LISTED ENTRIES:
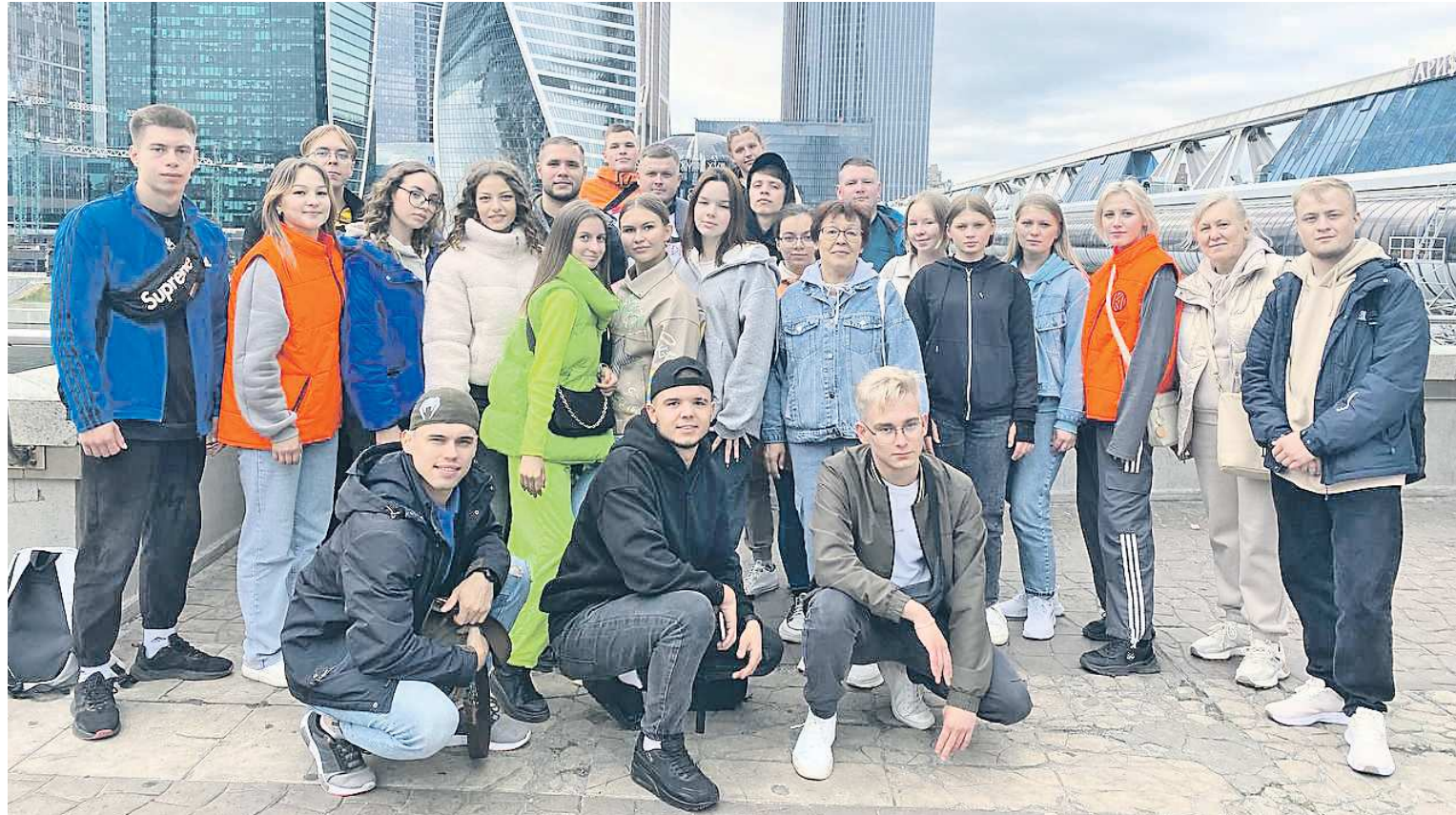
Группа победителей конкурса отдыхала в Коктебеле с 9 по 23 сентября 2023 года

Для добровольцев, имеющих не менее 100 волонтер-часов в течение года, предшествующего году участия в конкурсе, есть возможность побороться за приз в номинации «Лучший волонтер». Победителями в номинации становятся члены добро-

* * *

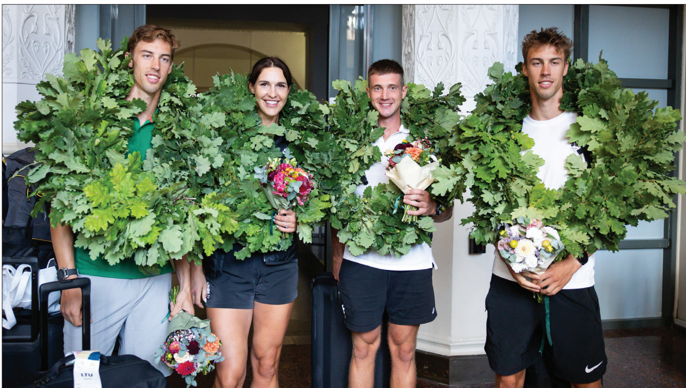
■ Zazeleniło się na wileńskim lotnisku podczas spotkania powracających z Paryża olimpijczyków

PROBLEM REQUIREMENTS: Every line above from the line with "Группа победителей конкурса" to the line with "Для добровольцев, имеющих", inclusive, must be returned exactly; no other line belongs in the reply.

EXPECTED ANSWER:
Группа победителей конкурса отдыхала в Коктебеле с 9 по 23 сентября 2023 года

Для добровольцев, имеющих не менее 100 волонтер-часов в течение года, предшествующего году участия в конкурсе, есть возможность побороться за приз в номинации «Лучший волонтер». Победителями в номинации становятся члены добро-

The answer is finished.